Discover the ancient marvel of Göbekli Tepe, the world’s oldest man-made structure! Uncover the mysteries of this archaeological wonder and plan your journey back in time with our tips and tricks from real-world experience. From its enigmatic origins to practical travel tips, embark on an unforgettable adventure to this prehistoric masterpiece. Unearth the secrets of Göbekli Tepe and immerse yourself in history like never before.

Tips for Visiting Gobekli Tepe

As my family gazed down into the deep pit, it was hard to fathom the extreme history that stood at its base.

Jutting up from the brown dirt are a series of oval walls sprinkled with towering, 18-foot tall stones, each weighing 8-10 metric tons and decorated with carvings of animals and human figures. These intricate and beautiful stones may not be the most majestic of all of the ancient ruins in Turkiye. But what separates the ruins of Gobekli Tepe from some of the world’s most famous ancient sites isn’t beauty.

It’s age.

You see, Gobekli Tepe isn’t just the most fascinating temple in Turkiye. It’s the oldest temple in the world.

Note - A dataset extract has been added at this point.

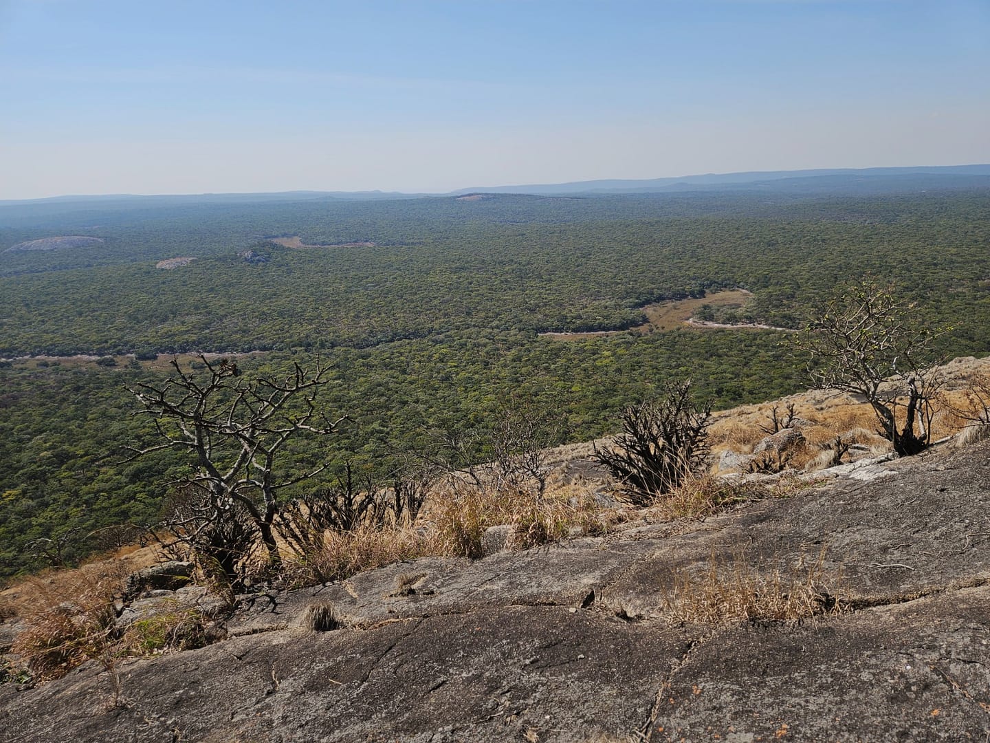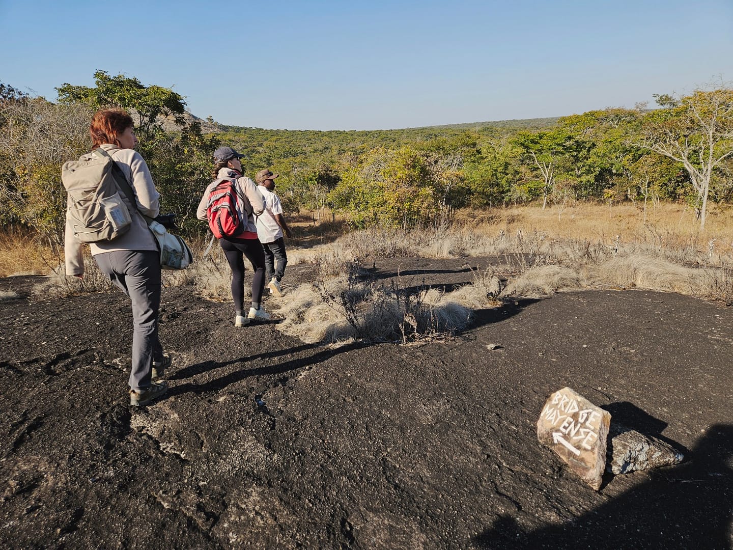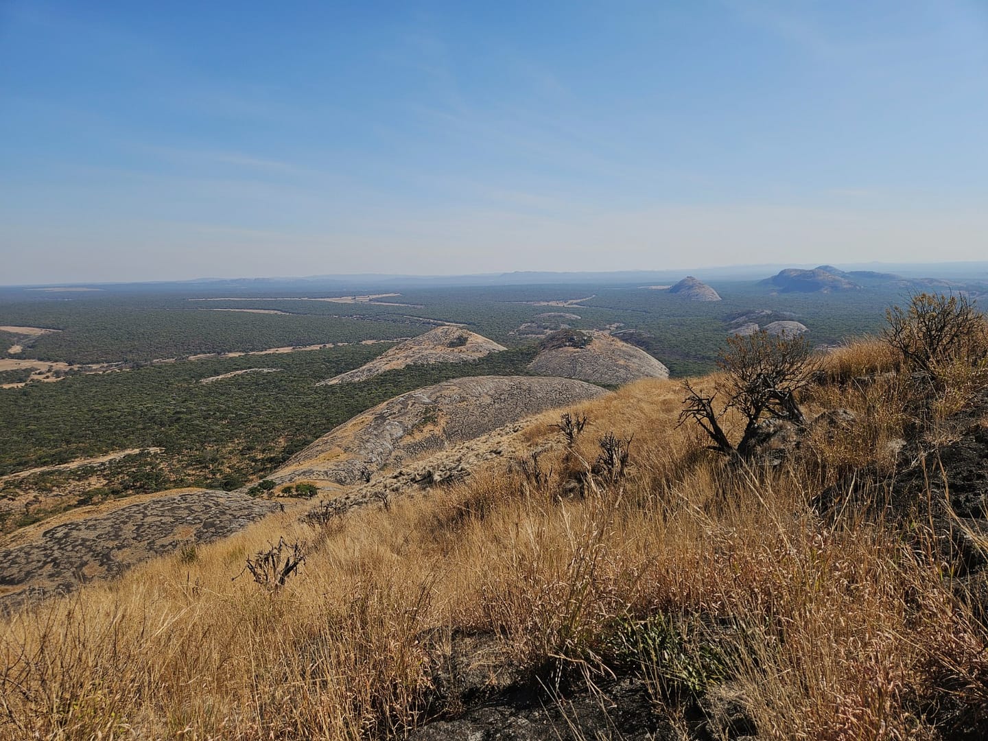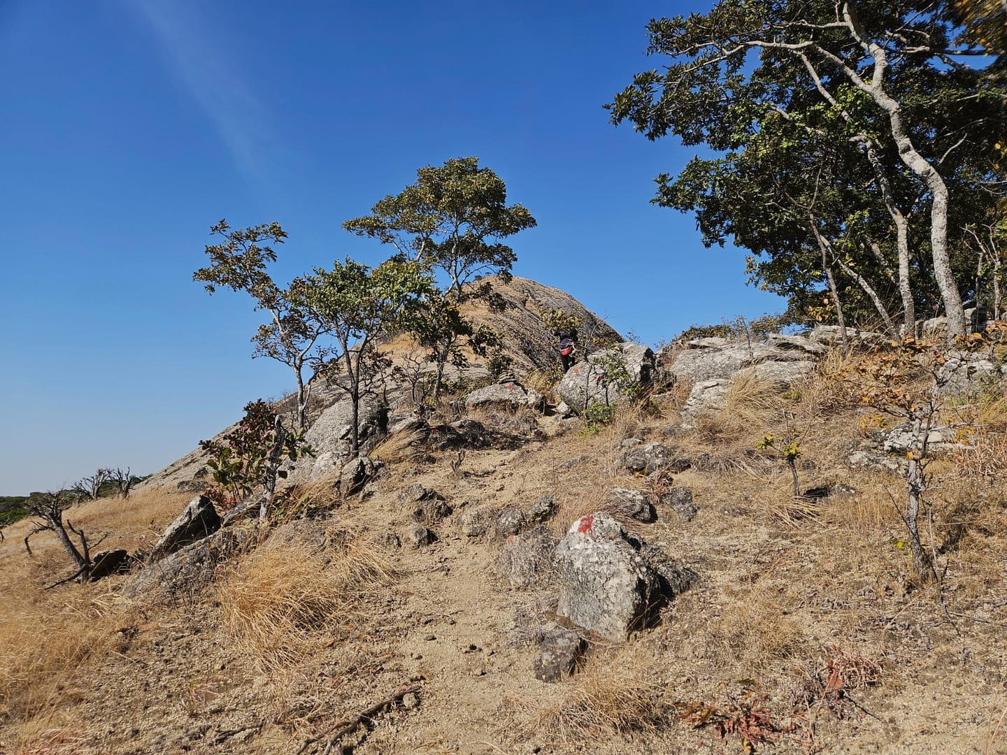 Nach etwa 3,6 Kilometern erreichen wir den Fuß des Berges, und von hier an wird der Aufstieg deutlich steiler. Zahlreiche rote Punkte weisen uns den Weg – Überbleibsel der Bergläufe, die hier vor Jahren regelmäßig stattfanden. Oben angekommen eröffnet sich ein atemberaubender Rundumblick: endlose Miombo-Wälder breiten sich bis zum Horizont aus, durchbrochen von markanten Granitkuppen, den sogenannten Inselbergen sowie den grünen Feuchtgebieten – den „Dambos“.

In fact, at an estimated age of 11,600 years, Gobekli Tepe is the oldest man-made structure ever found.

Gobekli Tepe is so old that the first evidence of its monumental construction is just about the same time that humans first discovered agriculture. To think that these towering stones were mounted, carved, and put on displays at about the first time that the first fig trees were planted is mind-blowing. And that’s why we’ve listed it as one of the best places to visit in Turkiye.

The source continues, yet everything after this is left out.